The feature Panasonic's patent claims is image stability and keeping the discharge Probability and discharge delays in line with the panel's original design specifications. This is something no other pdp can do.

Now it's true that in the first half of 2009 the voltage increased too rapidly, which caused black level decreased. However, this has been fixed on all 2009 production after April 2009 and for the current 2010 line.

So today's Panasonic pdps still enjoy the feature of keeping the discharge Probability and discharge delays in line with the panel's original design specifications, with significantly less reduction of black level and over a much slower time frame. So much so that it would take several years of normal use to have a small change that would still keep the black level better than the next best panel.

To back-up my professional opinion here's a quote from David Katzmaier of CNET Editors' note, October 7, 2010: After about 1,500 hours the black-level performance of our TC-P50VT25 review sample has worsened, but not enough to affect our overall performance score. According to Panasonic it should not increase much further. Based on the strength of its performance against the competition, we have awarded the Panasonic TC-PVT25 series our Editors' Choice among plasma TVs for 2010.

-Robert
It's not fare for me to say that the increase in MLL was labeled a feature by Panasonic?

Quote:
Panasonic Viera plasma HDTVs deliver exceptional picture performance throughout the lifetime of these products. Various elements and material characteristics of all electronic displays change with use over time. In order to achieve the optimal picture performance throughout the life of the set, Panasonic Viera plasma HDTVs incorporate an automatic control which adjusts an internal driving voltage at predetermined intervals of operational hours.

As a result of this automatic voltage adjustment, background brightness will increase from its initial value. After several years of typical use, the internal material characteristics will stabilize and no additional automatic voltage adjustments are required. The Black Level at this stabilized point will yield excellent picture performance.

The newest Viera plasma HDTVs incorporate an improved automatic control which applies the voltage adjustments in smaller increments. This results in a more gradual change in the Black Level over time.
Quote:
CNET editor David Katzmaier had a long talk with Panasonic about the issue. Basically the company states there will be no fix for the black level rise as “there’s nothing to fix.”. These are his words below:

“Since the TVs work as designed, there’s nothing to fix.”

That answer comes from Bob Perry, Senior VP of Panasonic Consumer Electronics Company, in reply to a follow-up question CNET asked in response to the company’s February 3 statement addressing reports about the company’s plasma TVs losing their deep black levels over time.

That statement maintained that the plasmas’ black levels are designed to brighten over time (“background brightness will increase from its initial value”) to compensate for the normal aging process, but suggested that picture quality was still “excellent” after the compensation period was complete and the “internal material characteristics…stabilize.”

In a February 5 phone call with CNET (also attended by CNET editors and Bill Schindler, an independent engineering consultant for Panasonic), Perry confirmed that the company has no plans to fix anything related to the black level-related complaints with its current plasmas.

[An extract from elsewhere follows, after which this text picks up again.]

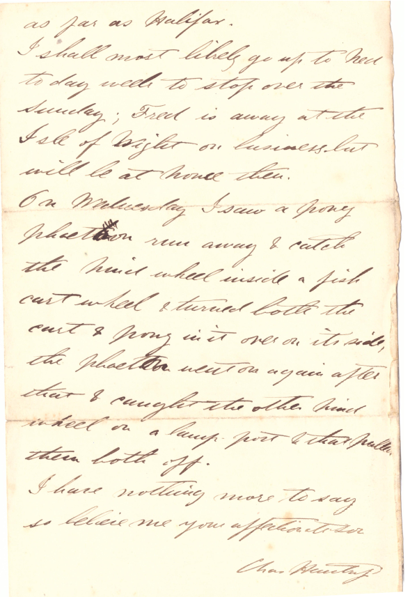 On Wednesday I saw a pony phaeton run away and catch the hind wheel inside a fish cart wheel and turned both the cart and pony in it over on its side. The phaeton went on again after that and caught the other hind wheel on a lamp post and that pulled both off.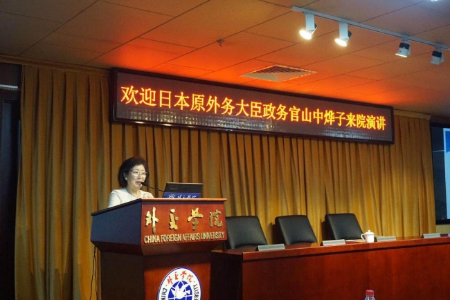 之后,山中烨子教授在beat365沙河校区行政楼报告厅,为beat365学生举办了题为“展望国际社会中的中日关系”的演讲。

He echoed the explanation in the original statement and elaborated somewhat on the black level increase. He likened it to rotating the tires on a car–an example of standard maintenance–and said that some users noticed the change “because they have trained eyes,” although he also said that the change is subtle “even among trained experts.”

He did not go into specifics on many points, however, claiming that some answers might give away trade secrets and that lack of standards for black level measurement make it “very difficult to make meaningful comparisons.”
http://www.hippotechsolutions.com/?p=1853
Or that the MLL at least doubles?
Quote:
The most recent results of measurements taken by CNET confirm that after a few hundred days of on time, the company's 2010 plasma TVs do lose some of their ability to produce a deep shade of black, which is a major factor in picture quality. Even after the loss, however, both can still achieve comparatively deep black levels, and according to Panasonic that shouldn't change significantly after an initial period.

We've been testing two 2010 models, the TC-P50VT25 and the TC-P50G20, since we received the review samples from Panasonic earlier this year, and until now we haven't measured any increase in the brightness of "black" (known as MLL, or Minimum Luminance Level).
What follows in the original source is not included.